The decreasing cost of sequencing has moved the focus of cancer genomics beyond single genome studies to the analysis of tens or hundreds of patients diagnosed with similar cancers. Besides the routine discovery and validation of SNVs, indels, and SVs in individual genomes, it is now paramount to systematically analyze the function and recurrence of mutations across a cohort, and to describe how they interact with one other or associate to clinical data. To this end we have developed the Mutational Significance In Cancer (MuSiC) suite of tools. It consists of downstream analysis tools that can:
- Apply statistical methods to identify significantly mutated genes
- Highlight significantly altered pathways
- Investigate the proximity of amino acid mutations in the same gene
- Search for gene-based or site-based correlations to mutations and relationships between mutations themselves
- Correlate mutations to clinical features, using typical correlation measures, and generalized linear models
- Cross-reference findings with relevant databases such as Pfam, COSMIC, and OMIM
- Generate typical visualizations like Kaplan-Meier survival estimates, and mutation status matrices
In an attempt to remain versatile and powerful, MuSiC incorporates a command-line interface with minimal inputs, described as follows:
- Coverage: Mapped reads from a group of tumor/normal sample pairs in BAM format. UCSC WIG files describing coverage may be used if BAMs are unavailable.
- Variants: The predicted or validated SNVs and indels from the cohort in TCGA MAF format (VCF support coming soon).
- Regions of Interest: A set of regions the user is interested in studying, typically the boundaries of coding regions, but can be expanded to non-coding RNA, conserved regions, whole genome, chromosome bands, etc.

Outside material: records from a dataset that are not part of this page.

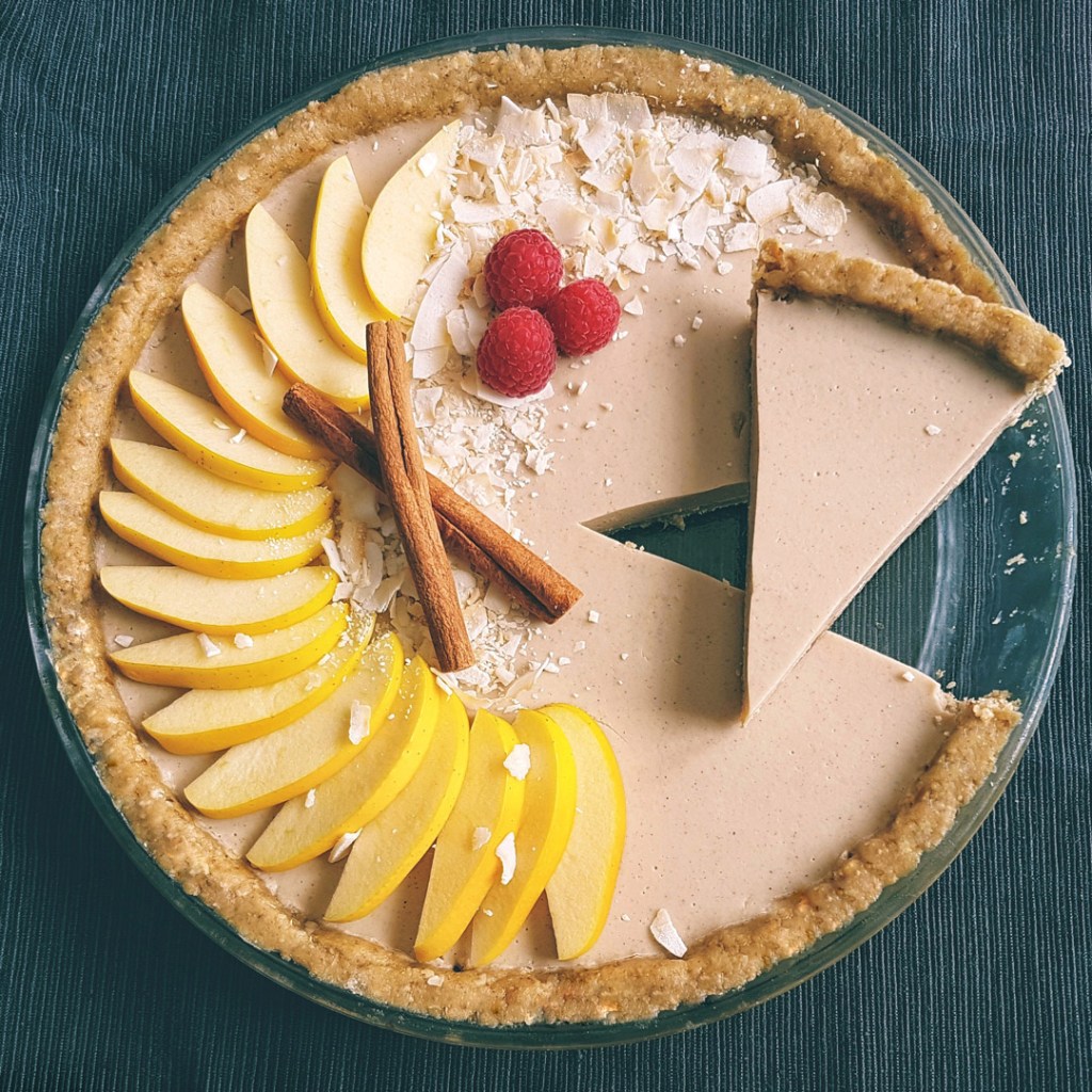 Esta tarta fría de manzana no lleva nada de horneado, todos los ingredientes están en crudo, a excepción del pequeño hervor del relleno para activar el agar-agar.
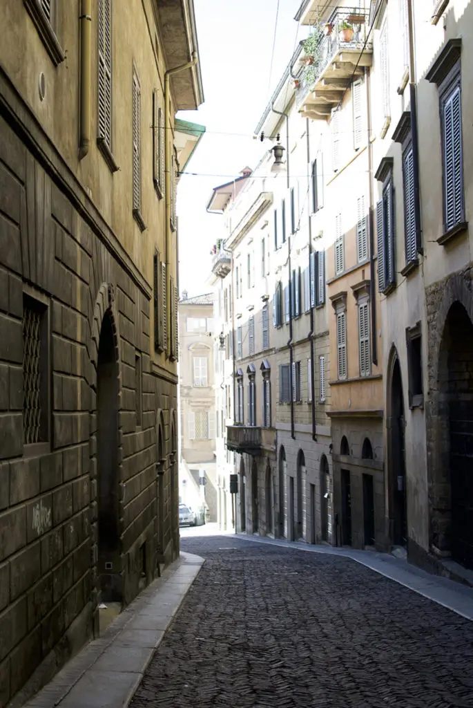 Город очень красивый, дружелюбный и аутентичный: чем дальше вы отходите от вокзала, тем более узкими становятся улицы, а маленькие площади, зажатые между домов, становятся все уютнее. В отличие от Милана, в Бергамо туристов немного и они не бросаются в глаза, зато хорошо замечаешь обычную жизнь местных. Утренняя месса, свежая газета и эспрессо, прогулка с собакой и поход в мясную лавку, филигранная парковка и настоящие шумные итальянские встречные разъезды. Город живет и это меня в нем зацепило.
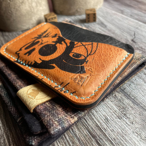 Natural and Navy leather with aqua thread. Stamped with the Numb Skull design.
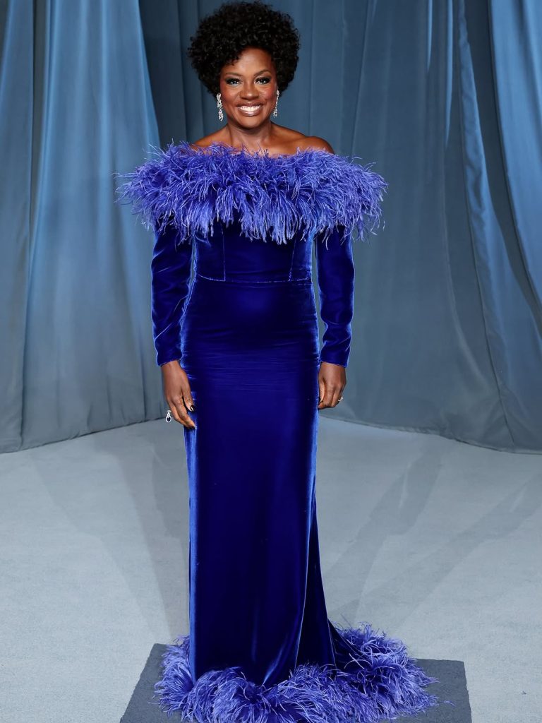 A nossa adorável atriz- Viola Davis estava deslumbrante com um vestido azul-meia-noite de veludo da grife Gucci, com detalhes em penas na gola e na cauda.
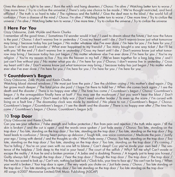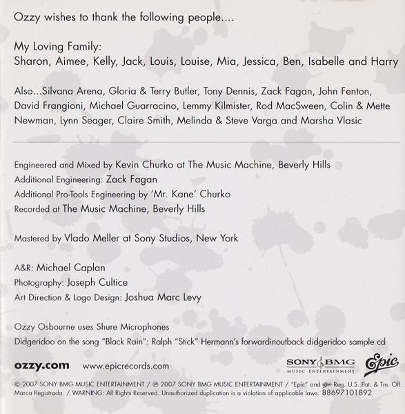 The album was released in several different versions. The original US version was released in a thin, brown digipak with the crownedskull Ozzy Osbourne logo (pictured lower right), and for the rest of the world, it was released in a standard jewel case featuring cover art of Osbourne with Black Rain falling. This cover included a booklet complete with lyrics and album credits. The US version did not include a booklet, lyrics, or album credits. The Japanese release was the same as the other releases outside of the US, except for the fact that it included two bonus tracks, “I Can’t Save You”, and “Nightmare”. The iTunes release of the album included the aforementioned “Nightmare”, plus an exclusive bonus track, (only for those who preordered through iTunes)“Love to Hate”. It also included a printable pdf file of the booklet, complete with lyrics and album credits. This same booklet was later made available as a free pdf download from Osbourne‘s website on June 1. The song “I Don’t Wanna Stop” was also featured as the theme song for WWE Judgment Day 2007.

- Clinical data: Any relevant clinical data segregated as qualitative and quantitative types (to apply appropriate statistical methods).
- Reference sequence: Must correspond to the BAM/WIG files used. HG18, GRCh37, non-human genomes, microbiome, squished transcriptome, etc.

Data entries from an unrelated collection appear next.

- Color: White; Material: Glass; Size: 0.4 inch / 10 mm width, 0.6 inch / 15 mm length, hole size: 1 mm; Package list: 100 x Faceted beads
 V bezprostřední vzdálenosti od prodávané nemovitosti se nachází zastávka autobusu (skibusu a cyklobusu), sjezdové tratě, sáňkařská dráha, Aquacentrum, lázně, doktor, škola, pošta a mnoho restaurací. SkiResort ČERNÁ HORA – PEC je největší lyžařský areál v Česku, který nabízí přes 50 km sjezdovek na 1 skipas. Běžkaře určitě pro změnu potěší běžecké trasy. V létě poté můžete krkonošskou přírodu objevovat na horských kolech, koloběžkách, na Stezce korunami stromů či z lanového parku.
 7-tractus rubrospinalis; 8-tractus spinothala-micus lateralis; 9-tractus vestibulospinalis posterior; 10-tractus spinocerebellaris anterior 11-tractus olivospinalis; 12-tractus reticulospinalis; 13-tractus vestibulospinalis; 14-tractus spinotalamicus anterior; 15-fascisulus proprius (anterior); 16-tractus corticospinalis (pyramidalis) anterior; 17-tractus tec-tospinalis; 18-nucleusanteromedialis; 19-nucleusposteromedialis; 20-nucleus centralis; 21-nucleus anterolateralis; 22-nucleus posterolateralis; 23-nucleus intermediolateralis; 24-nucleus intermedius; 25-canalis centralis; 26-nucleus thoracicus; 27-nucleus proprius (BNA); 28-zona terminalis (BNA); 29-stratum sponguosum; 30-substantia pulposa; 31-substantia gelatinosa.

The tools in the suite may be run individually, or may be automated serially. If you decide to parallelize execution, note that a few tools require the outputs of others. Here are the important bits:
- bmr calc-bmr requires the files generated by bmr calc-covg
- smg requires the gene_mrs file generated by bmr calc-bmr
- path-scan requires the gene_covgs directory generated by bmr calc-covg
- mutation-relation is computationally expensive, and impractical with more than 100 genes. So it is a good idea to set its —gene-list to the significantly mutated gene list generated by smg
Updates to MuSiC are made available for distribution and served immediately to standard updating mechanisms on Ubuntu and other Debian systems via our applications server.